From the entries below, print exactly the span beginning with the line holding "Selling a comfy" and ending with the line holding "Você será redirecionado", endpoints included, and skip any pictures.

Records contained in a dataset
---

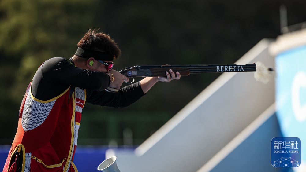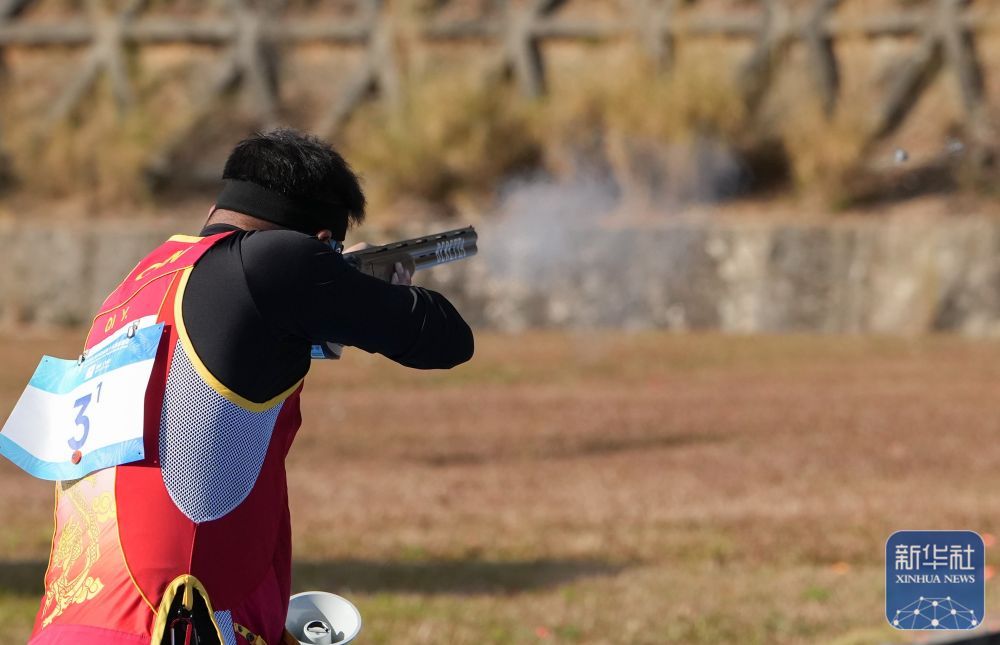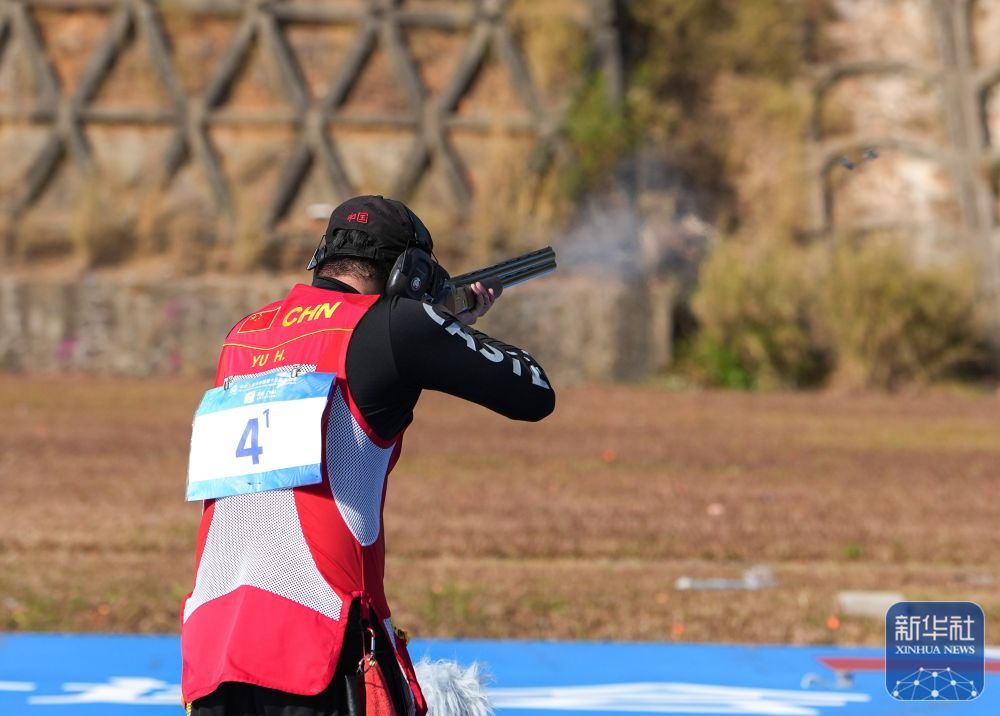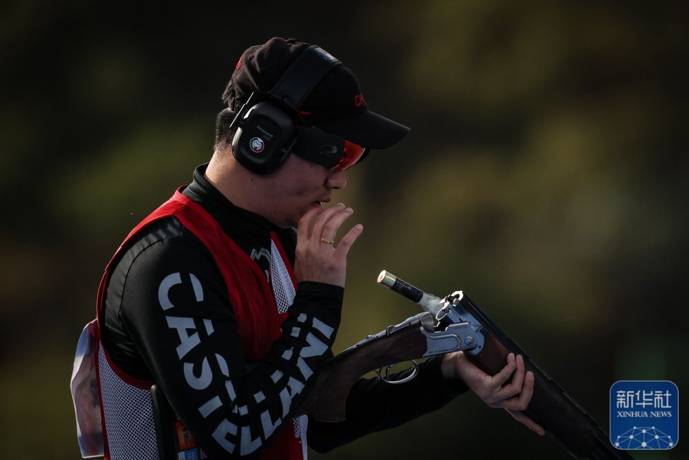 ↑ 山東隊選手朱靖宇在比賽中。飛碟最終,團體齊迎/朱靖宇獲得第四名。 新华社记者 潘昱龙 摄
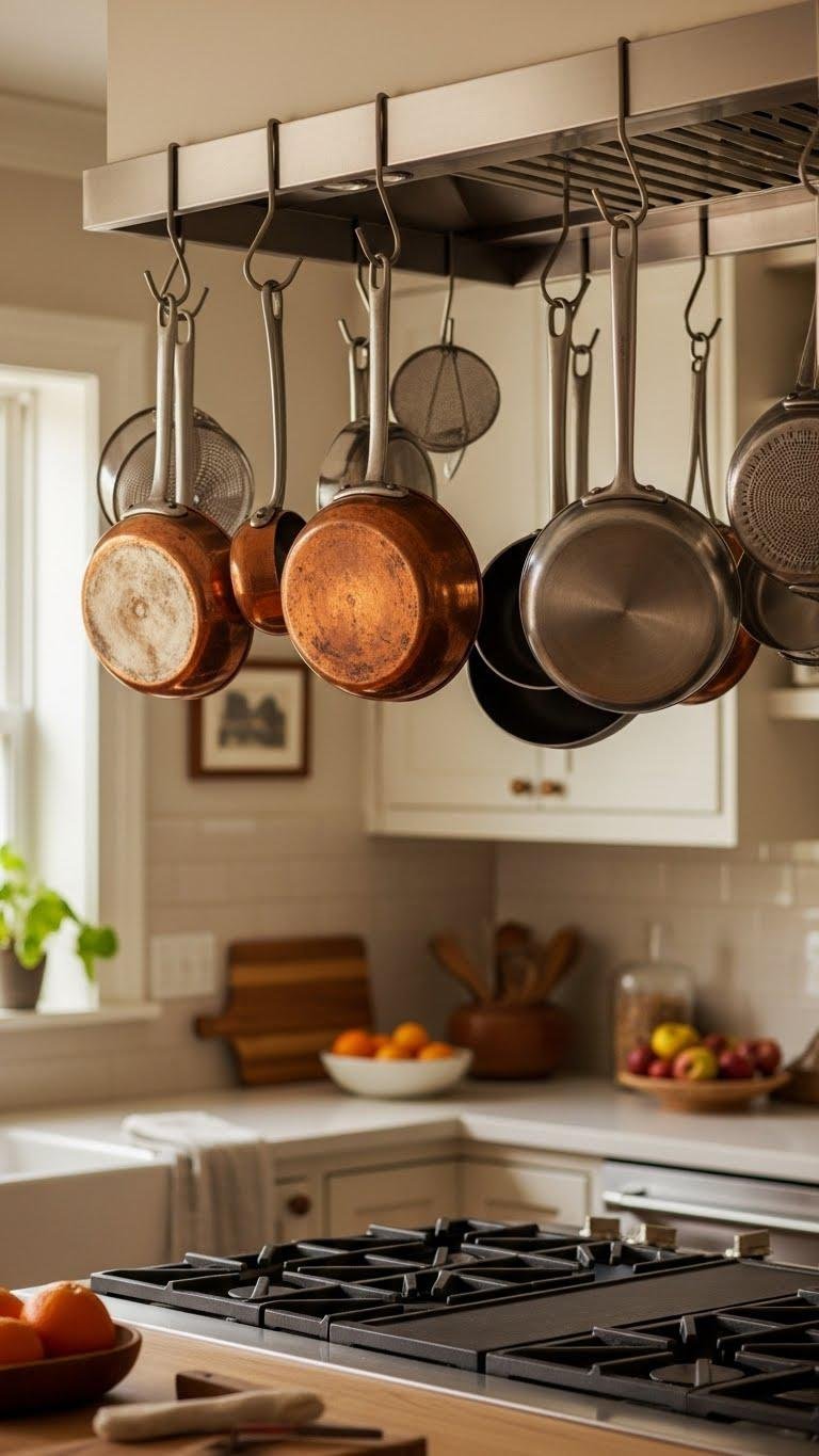 Move the eye from gallery-like walls to functional art you can touch: a hanging pots-and-pans display turns cookware into a sculptural focal above a stove or island. You’ll choose exposed copper pieces and mix finishes, arranging them on asymmetrical hooks for relaxed rhythm. It frees your counters, signals lived-in luxury, and invites you to cook, grab, and rearrange with effortless style.
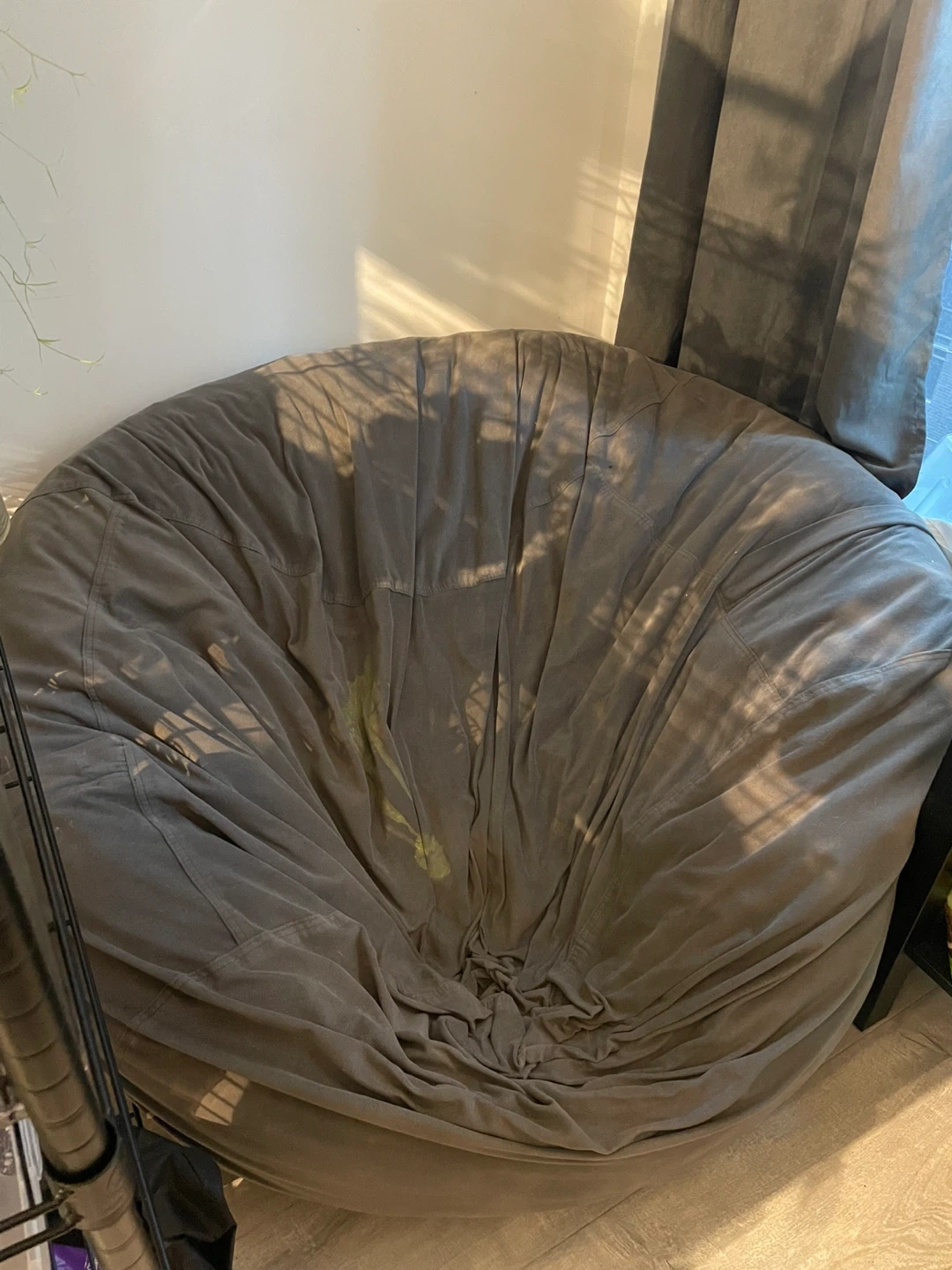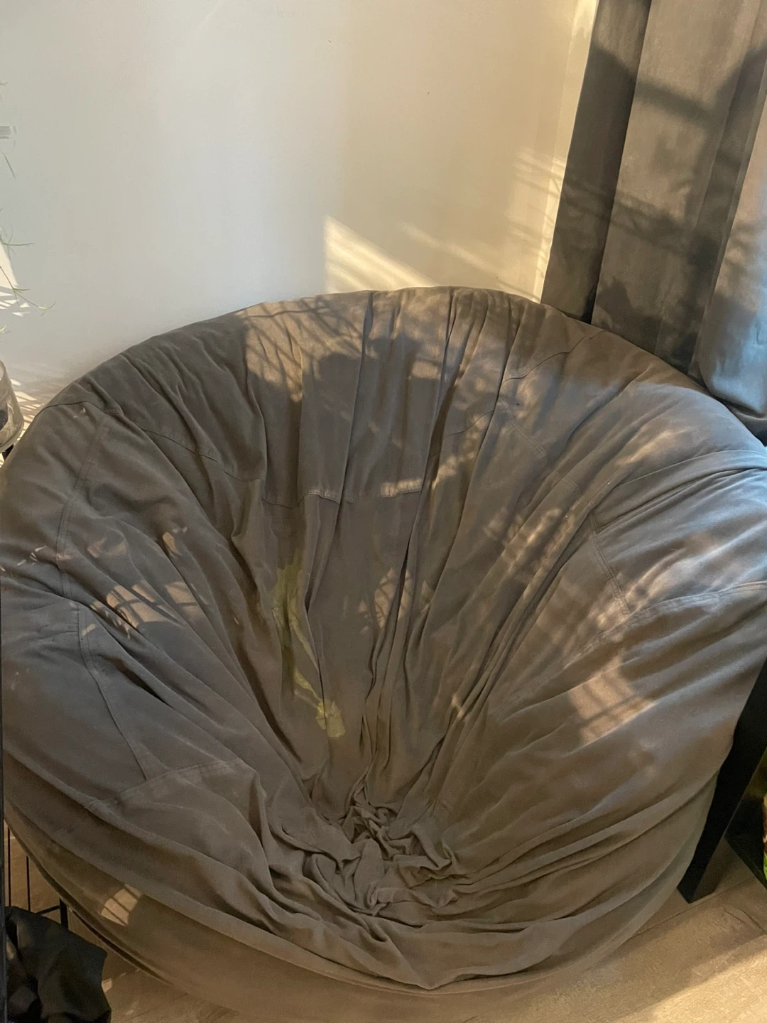 Selling a comfy grey Cordaroy bean bag chair. The material is soft and cozy, making it a great addition to any room.
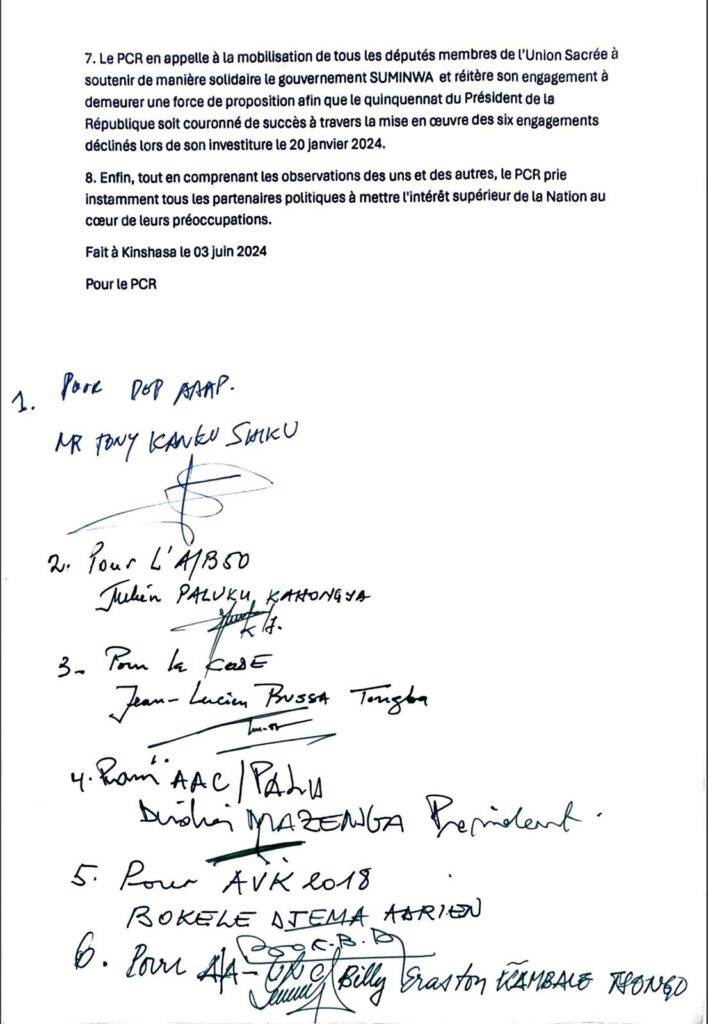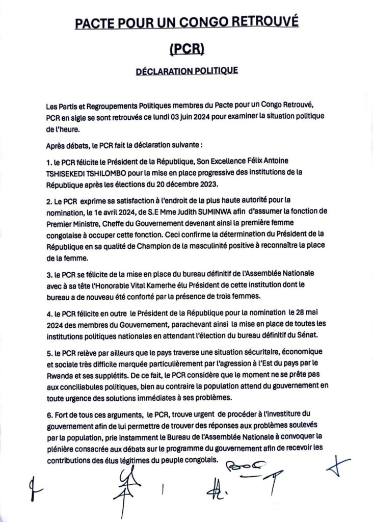 Dans une déclaration politique fait le 03 juin à Kinshasa, cette plate forme, avec comme leaders Vital Kamerhe, Tony Kanku Shiku, Julien Paluku et Jean Lucien Bussa, a fait le tour de la situation politique de l’heure qui, après débat, a pu produire quelques recommandations sur la marche du pays. Voici la déclaration politique du PCR.
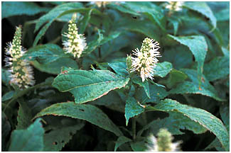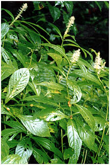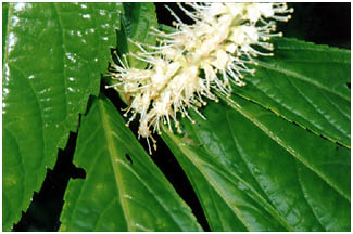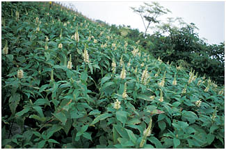 ※ミカエリソウと同じように葉をコガネムシ類が食い荒らします。ぼろぼろになった葉が天人の羽衣(破衣)にたとえられてテンニンソウ(天人草)と名がついたといわれています。
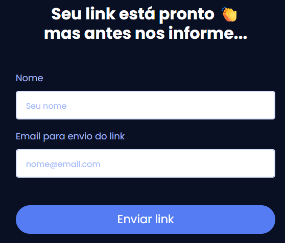 Você será redirecionado para uma nova página onde alguns dados são pedidos para conclusão do link:
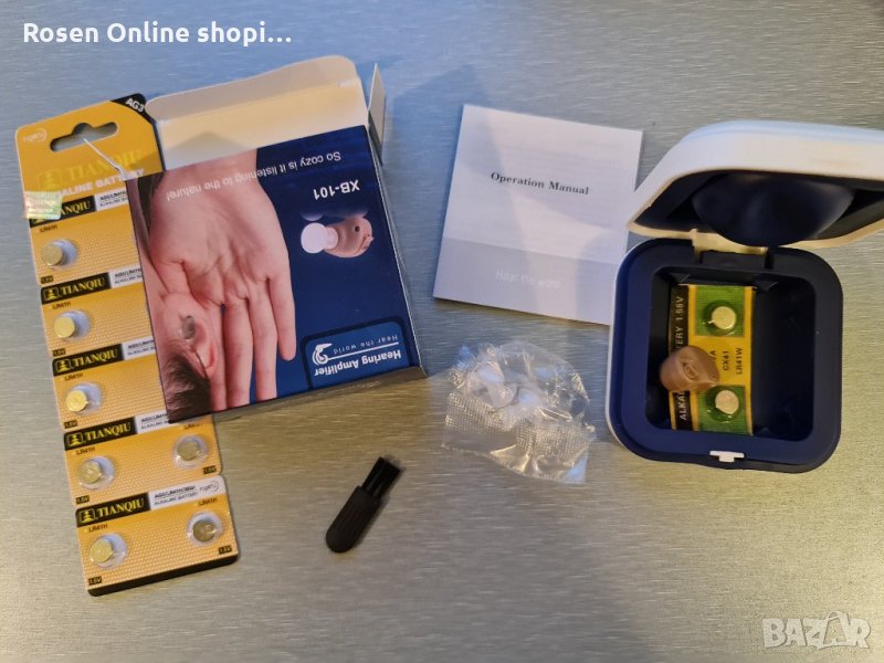 Мини слухов апарат тип слушалка XB-101, 128dB, 3 аксесоара, Бежов + 10 батерии подарък

---

◆ Finished task:
 Selling a comfy grey Cordaroy bean bag chair. The material is soft and cozy, making it a great addition to any room.
 Dans une déclaration politique fait le 03 juin à Kinshasa, cette plate forme, avec comme leaders Vital Kamerhe, Tony Kanku Shiku, Julien Paluku et Jean Lucien Bussa, a fait le tour de la situation politique de l’heure qui, après débat, a pu produire quelques recommandations sur la marche du pays. Voici la déclaration politique du PCR.
 ※ミカエリソウと同じように葉をコガネムシ類が食い荒らします。ぼろぼろになった葉が天人の羽衣(破衣)にたとえられてテンニンソウ(天人草)と名がついたといわれています。
 Você será redirecionado para uma nova página onde alguns dados são pedidos para conclusão do link:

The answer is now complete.